- _What is needed_
Nothing but the lines from the one with "先週末は、お施主様と設計士さ" through the end of the material should be retyped, word for word and without pictures.

- _Data block_
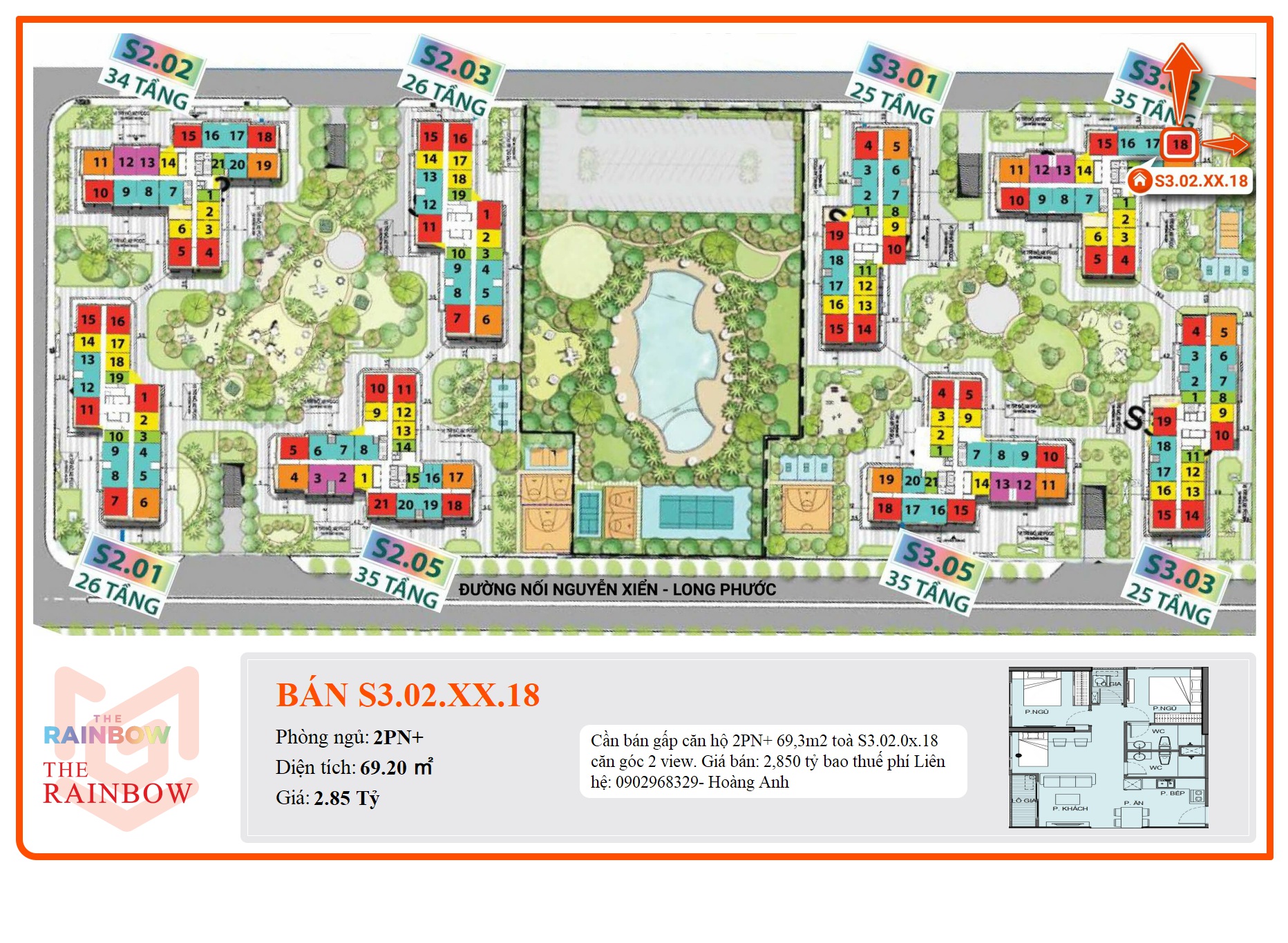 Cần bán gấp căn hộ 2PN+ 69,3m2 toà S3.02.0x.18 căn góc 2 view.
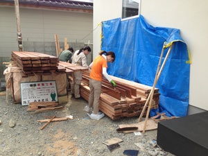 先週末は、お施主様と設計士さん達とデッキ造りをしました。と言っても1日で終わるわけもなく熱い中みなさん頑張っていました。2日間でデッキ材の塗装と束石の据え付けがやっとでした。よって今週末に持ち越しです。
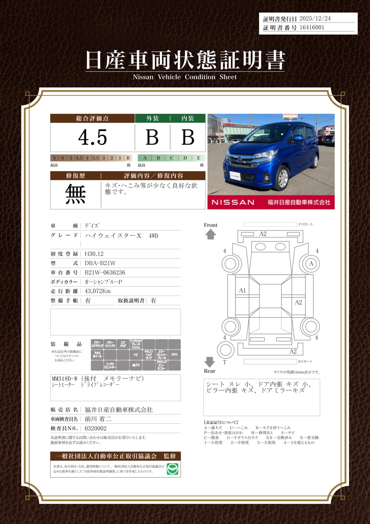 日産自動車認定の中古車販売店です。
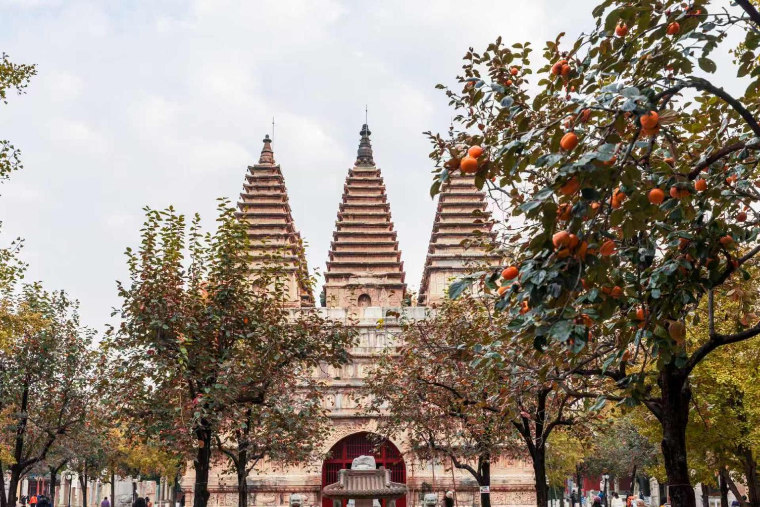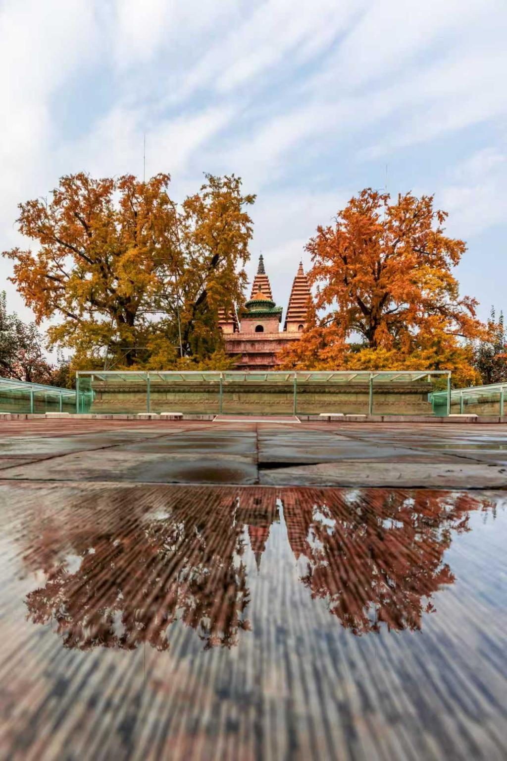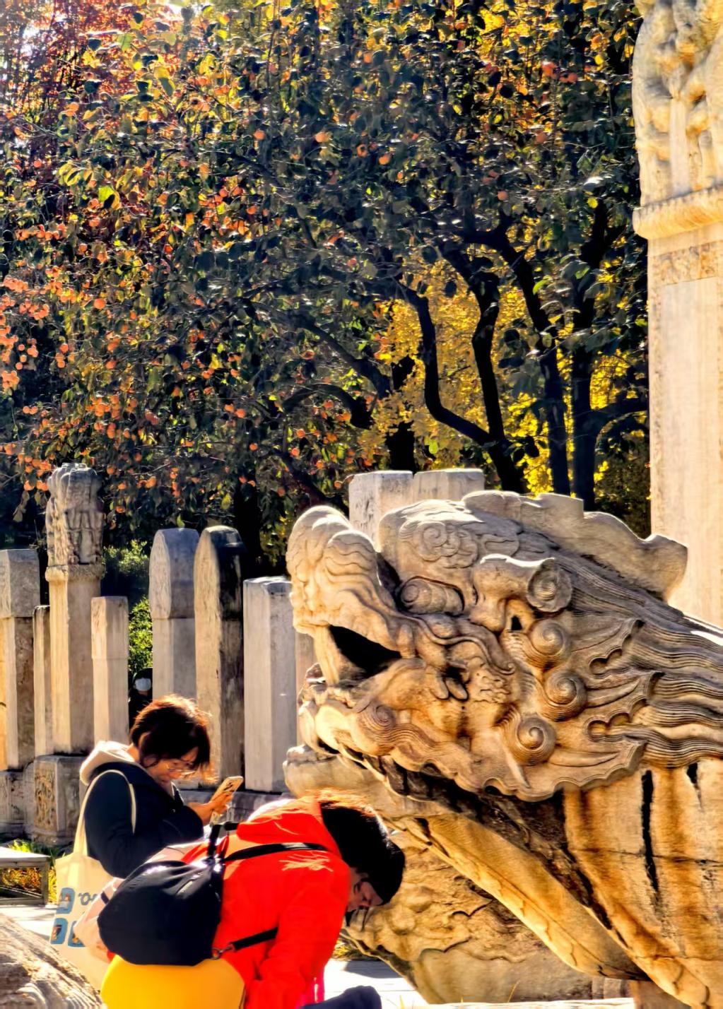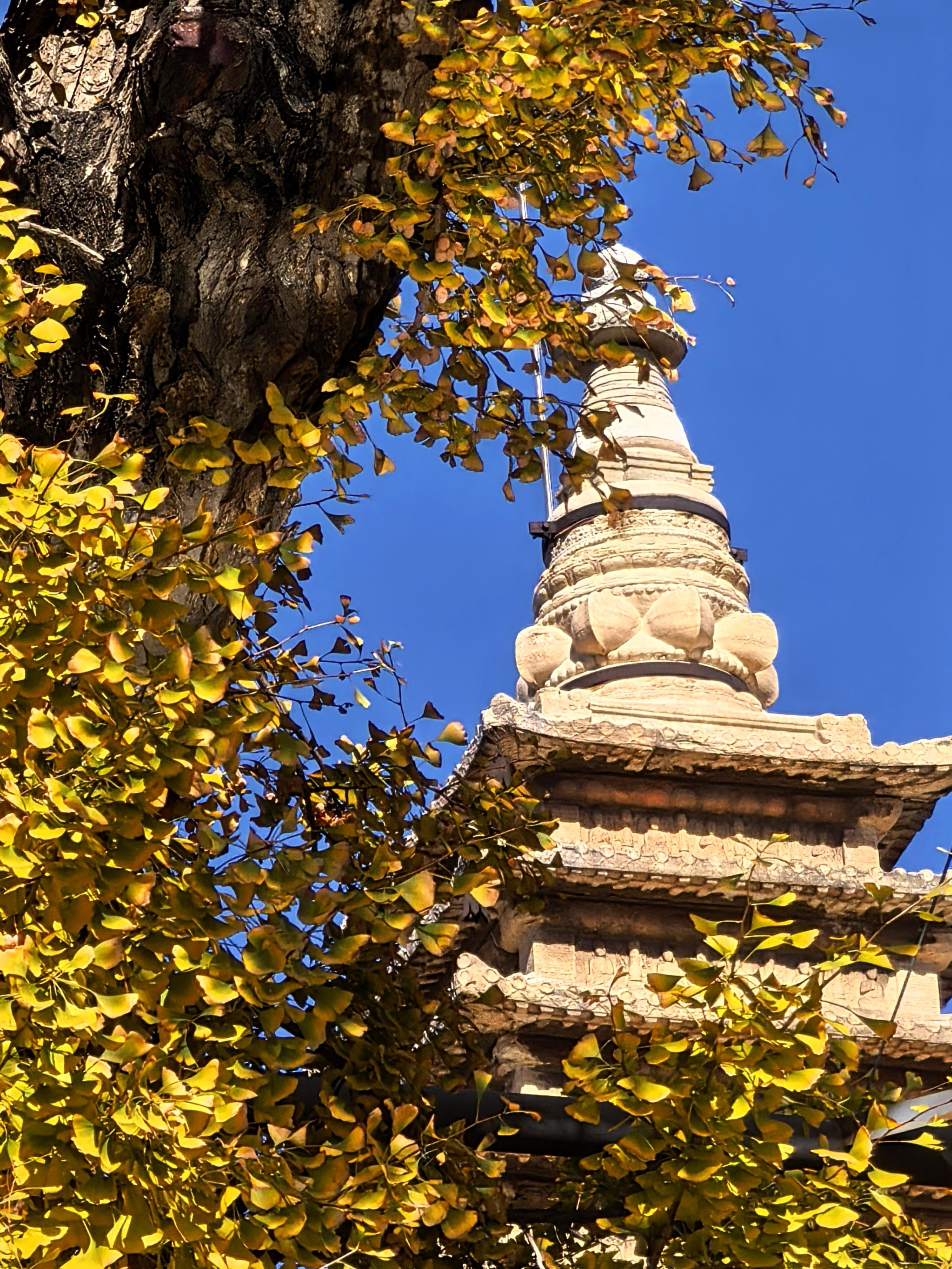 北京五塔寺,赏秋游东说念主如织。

- _Result for this task_
 先週末は、お施主様と設計士さん達とデッキ造りをしました。と言っても1日で終わるわけもなく熱い中みなさん頑張っていました。2日間でデッキ材の塗装と束石の据え付けがやっとでした。よって今週末に持ち越しです。
 日産自動車認定の中古車販売店です。
 北京五塔寺,赏秋游东说念主如织。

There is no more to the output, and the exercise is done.